In this study, based on MRI-PDFF, a significantly higher LFC was found in patients with the PNPLA3 G allele; furthermore, subjects with the PNPLA3 G allele showed higher concentrations of biomarkers related to liver injury and tissue inflammation. Among nonobese subjects, people with the MBOAT7 T allele had a significantly higher LFC, and thus, the MBOAT7 T allele was identified as a risk factor in nonobese subjects. The HSD17B13 rs72613567 variant allele was associated with moderate/severe MAFLD in both the nonobese and whole cohorts.
UQCC1 plays a role in mitochondrial respiratory chain complex III protein expression and is structurally similar to the mouse Bfzb controlling mouse brown fat.[43, 44] Previous associations at the UQCC1 rs4911494 locus included arm fat reduction,[45] reduced height, reduced body weight, and increased WHRadjBMI.[46] In our study, UQCC1 rs878639 (A > G) was identified as having a protective role against MAFLD, and people with the variant allele showed lower LFC, CAP and UA, which has not been found in other studies, while apoptosis and inflammation markers were not found to be different. Higher GRSs showed more severe disease status, suggesting the role of genetic factors in MAFLD.

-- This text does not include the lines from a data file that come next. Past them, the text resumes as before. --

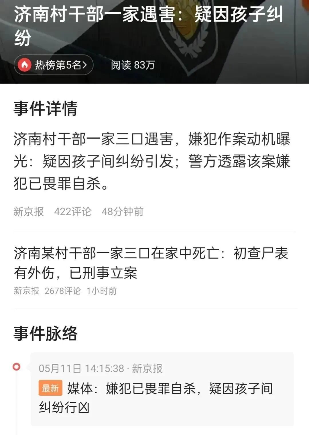 综合多个媒体和网友提供的信息,这个济南一家三口灭门案的起因,就是因为孩子的纠纷引起的。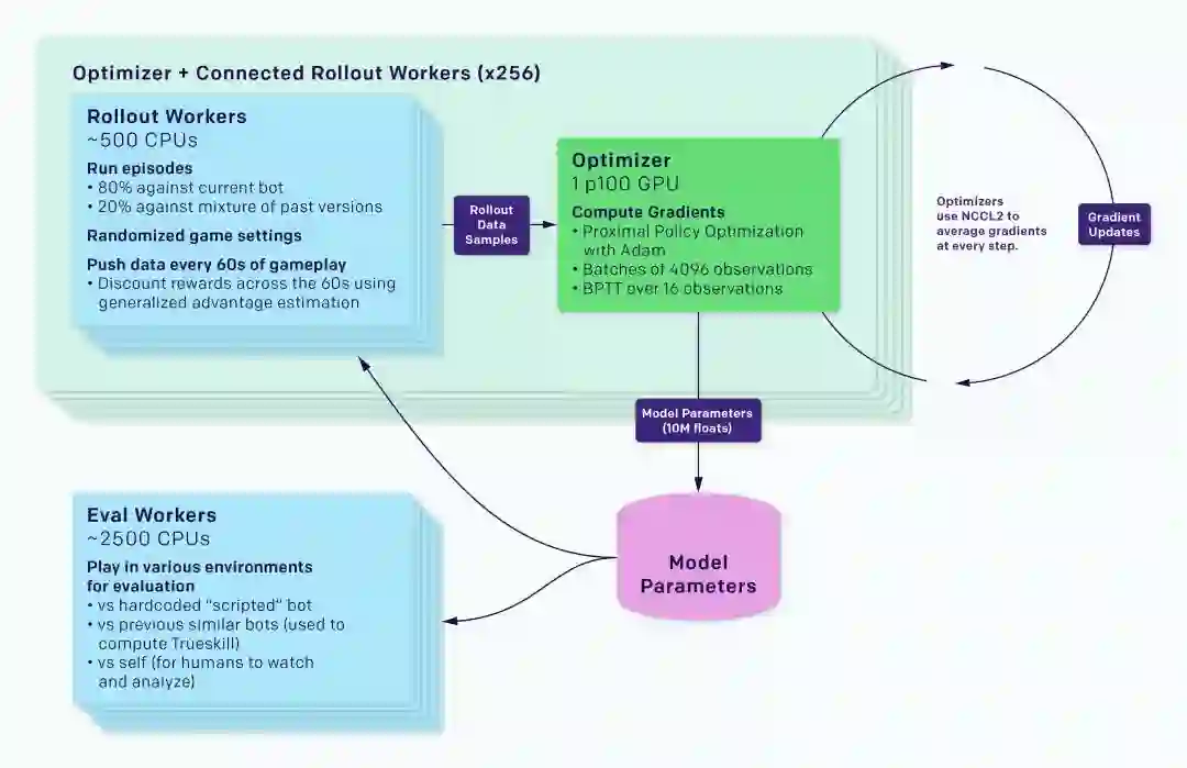 整个训练系统被分为rollout workers和optimizer两部分,其中前者运行一个游戏副本,并用一个智能体收集经验,后者则在一系列GPU中执行同步梯度下降。rollout workers通过Redis跟optimizer同步经验。如上图所示,每个实验还包括一个Eval workers的过程,它的作用是评估经过训练的智能体和参考智能体。除此之外还有一些监控软件,如TensorBoard、Sentry和Grafana。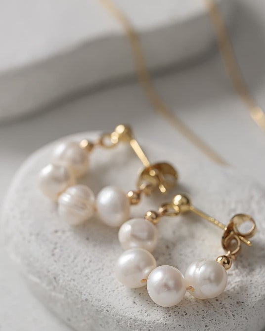 ■商品名:【S925/18K】淡水バロックパール4連フープピアス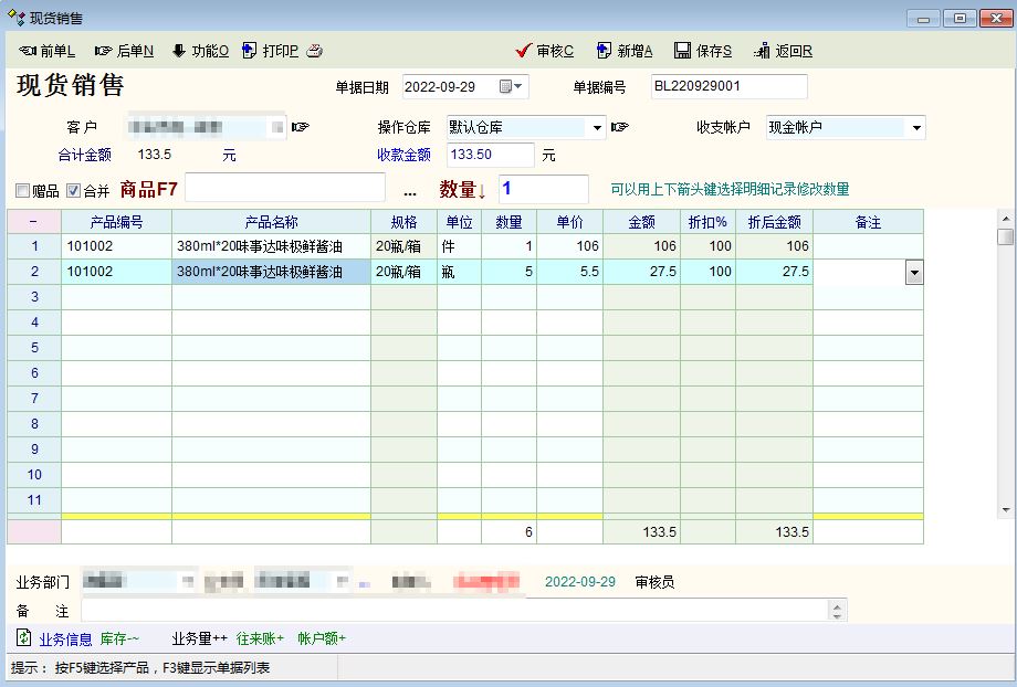 我有上线过副食品批发的客户,他们的需求,跟你的很相似。也是整件和零散一起拿货的。 我的解决方案是: 1、只用折算单位,不启用辅助单位。 2、所有产品的基准单位定义为最小单位。 3、在产品资料的规格处填写整箱的规格:如 25瓶/箱。 4、如同一产品同一次发货既有整箱数,也有散数,则在系统录入两行数据,分别记录不同单位的数量和单价。 5、开单的时候针对不同的客户用F8查询历史价格录入,非常高效。 这个方案的好处是,整箱价格和散件的价格可以独立分开处理。因为在实际应用中,不同客户的价格可能是不同的;整箱发货比散件发货优惠。还有一种是类似买3送一的情况,即买3箱,送一瓶,分开两行录入的话,瓶的价格就可以改为0,作为赠品。 |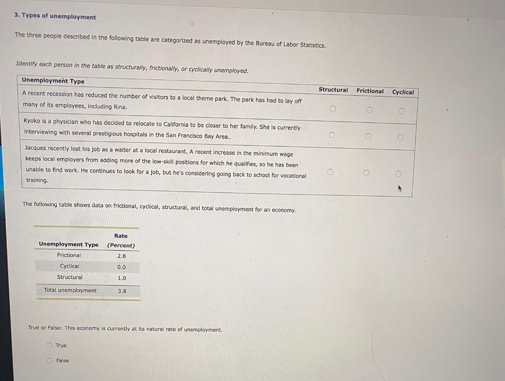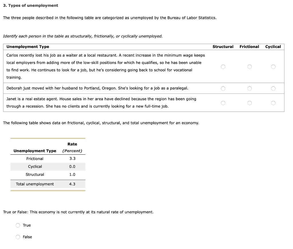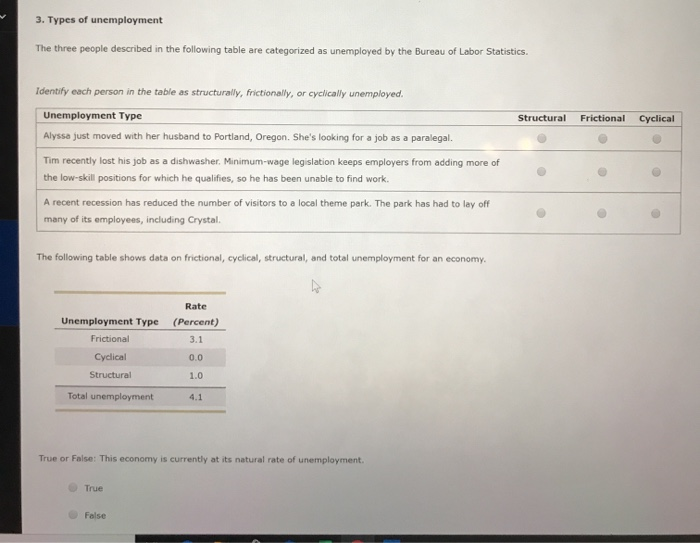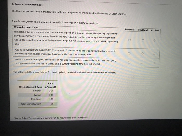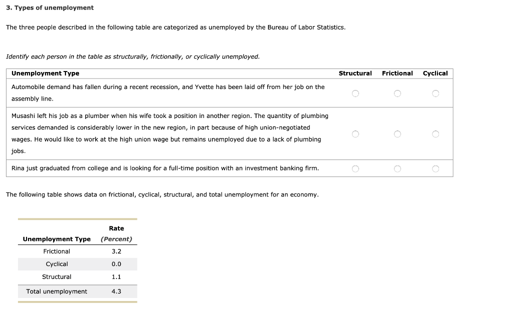 . 3 Types of unemployment The three people described in the following table are categorized as unemployed by the Bureau of Labor Statistics. Identify each person in the table as structurally frictionally or cyclically unemployed. 1 demand deficient 2 frictional 3 structural and 4 voluntary unemployment.

4.1 Strengths and limitations
The data were collected using standardized protocols, which add validity to our study’s results. To the best of our knowledge, this is the first study to investigate the clinical characteristics and serum biomarkers (including gene polymorphisms) of MAFLD patients in a Chinese population based on MRI-PDFF. As a foundation, this study first reported a MAFLD diagnostic model that uses a machine learning method based on MRI-PDFF. The small sample size is a main limitation in the study. The cross-sectional design of the study may represent a limitation. In cross-sectional analyses, reverse causation cannot be excluded. Further investigation needs to be conducted in follow-up studies.